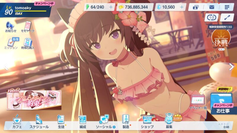 日課だけさっとこなした。ゲーム開発部のイベントとバレンタイン、どちらもクレジットがおいしいのでこの機に稼いでおきたいところ。
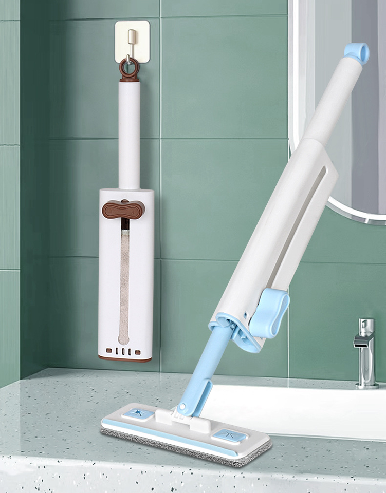 Mini serpillière Mopi en ABS, absorbante, plate, à pression automatique, avec manche rotatif, tête de serpillière en tissu, nettoyage pratique des saletés
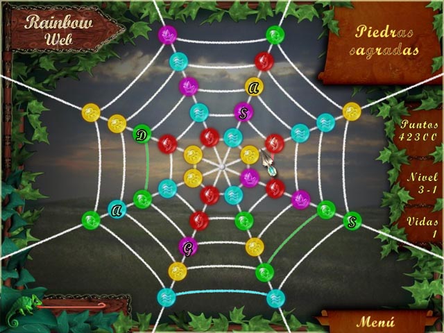 Los abalorios son aleatoriamentes dispersados por una red, está en tus manos ayudar a formar las palabras. Piensa cómo formar líneas de tres o más abalorios del mismo color. Date prisa en formar palabras y salvar el Reino del Arco Iris. - Rainbow Web
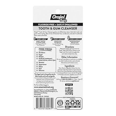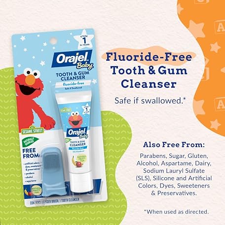 Thông tin sản phẩm Orajel Baby Elmo Tooth & Gum Cleanser Fluoride-Free, 1 Finger brush, 1 Toothpaste 1oz; #1 Pediatrician Recommended Fluoride-Free Toothpaste*
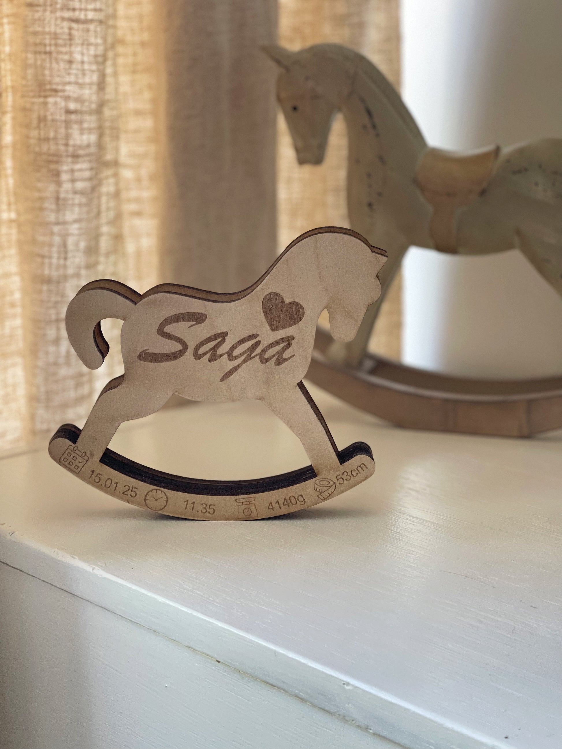 Giv en gave, der både vækker glæde nu og bliver et varigt minde. Denne smukke gyngehest er lavet i solid krydsfinertræ og kan graveres med barnets fødselsinformationer – navn, dato, tidspunkt, vægt og længde.
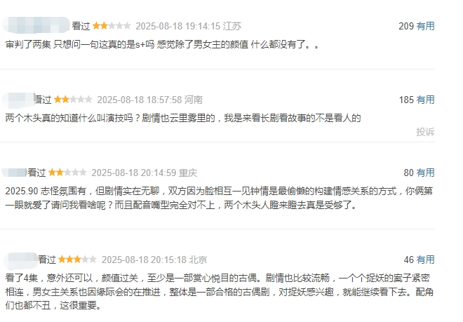 也有不少网友犀利批评,直指剧情云里雾里,主演只有颜值没有演技。
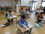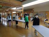 上学年は、机を出した後、4年生は机拭き
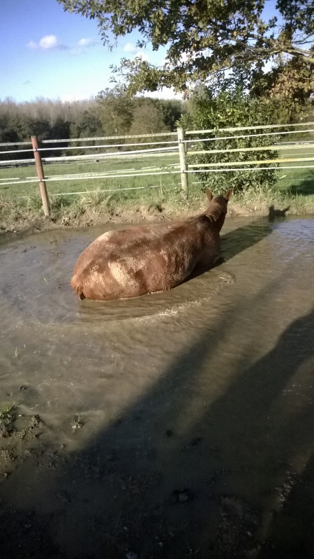 Et puis le temps passe, je me rends compte qu'il est dominant avec moi, pas fou furieux mais montre ses fesses si je l'embête... donc ni une ni deux, travail étho, exercices Parelli, balançage de brosse sur la croupe quand il tourne ses fesses vers moi, bref pas le nirvana. Ben au bout de quelques semaines comme ça loulou a compris qui est le "leader", et est même devenu câlin, lui que je n'intéressais absolument pas (à part pour manger...gros gros gourmand) me collait maintenant, au pré, restait sans bouger à côté de moi, lui si brutasse est devenu d'une telle douceur que je l'ai rebaptisé Velours (en + je hais les prénoms humains pour les chevaux !!!), et le jour où il a découvert que je pouvais lui gratter l'intérieur des oreilles, je crois que je suis devenue sa meilleure amie !!!
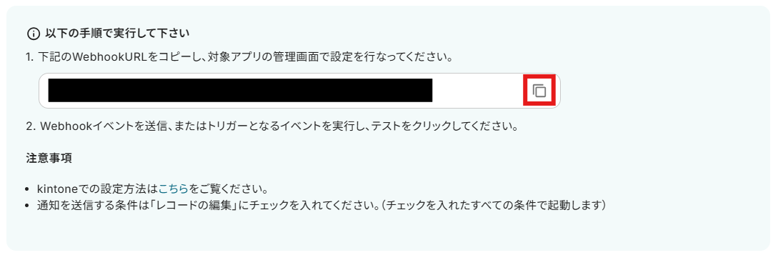 次の画面で表示されるWebhookURLをコピーし、こちらの手順でkintoneに設定を行ってください。
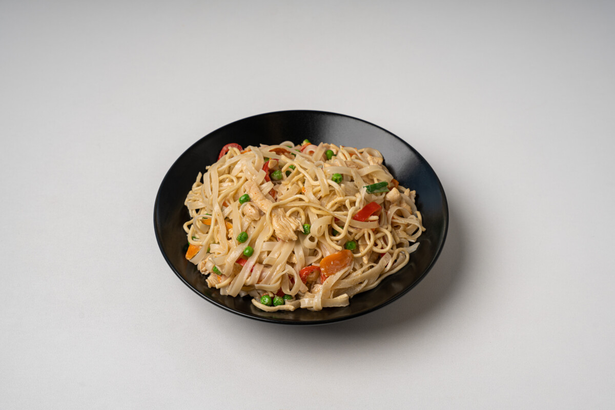 Thai egg and rice noodles wok with coconut milk, peas, carrots, red peppers, chili and spring onions.
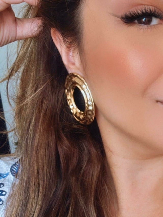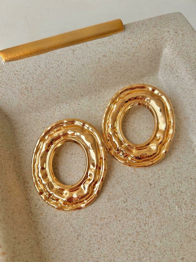 Produzido em metal folheado com banho de verniz, garantindo brilho e durabilidade. Peça com fechamento tradicional pino com tarraxa. Transforme seu look com o Brinco Oval Martelado.
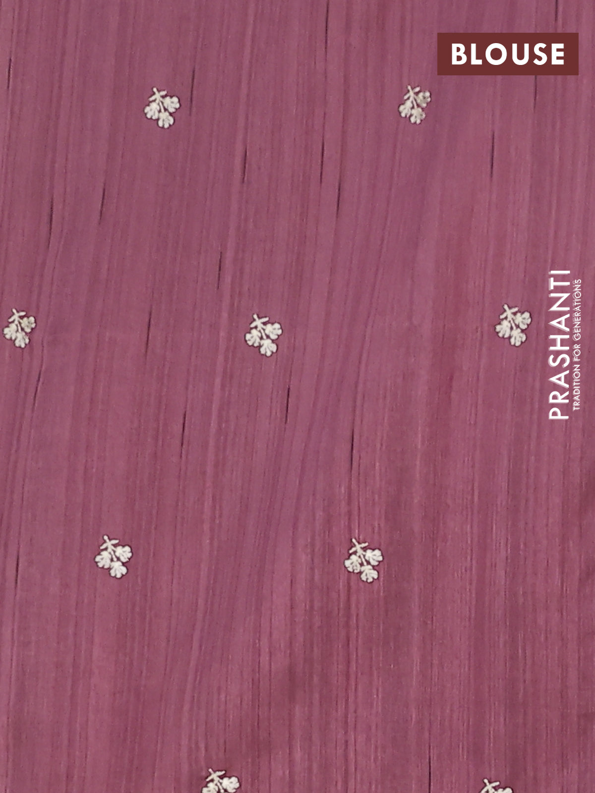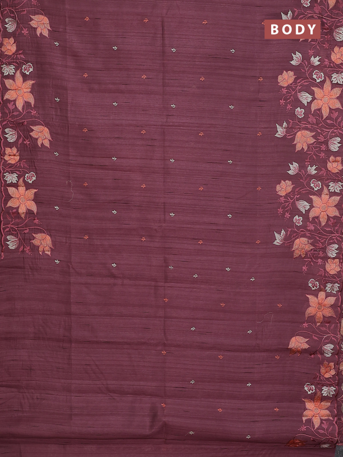 Semi raw silk saree rosy brown with embroidery buttas and floral embroidery border

• _Task instructions_: Copy nothing but the lines above from the one with "Thông tin sản" to the one with "上学年は、机を出した後、4年生は机拭き", inclusive, word for word. Leave every picture out.

• _Answer to the exercise_:
 Thông tin sản phẩm Orajel Baby Elmo Tooth & Gum Cleanser Fluoride-Free, 1 Finger brush, 1 Toothpaste 1oz; #1 Pediatrician Recommended Fluoride-Free Toothpaste*
 Giv en gave, der både vækker glæde nu og bliver et varigt minde. Denne smukke gyngehest er lavet i solid krydsfinertræ og kan graveres med barnets fødselsinformationer – navn, dato, tidspunkt, vægt og længde.
 也有不少网友犀利批评,直指剧情云里雾里,主演只有颜值没有演技。
 上学年は、机を出した後、4年生は机拭き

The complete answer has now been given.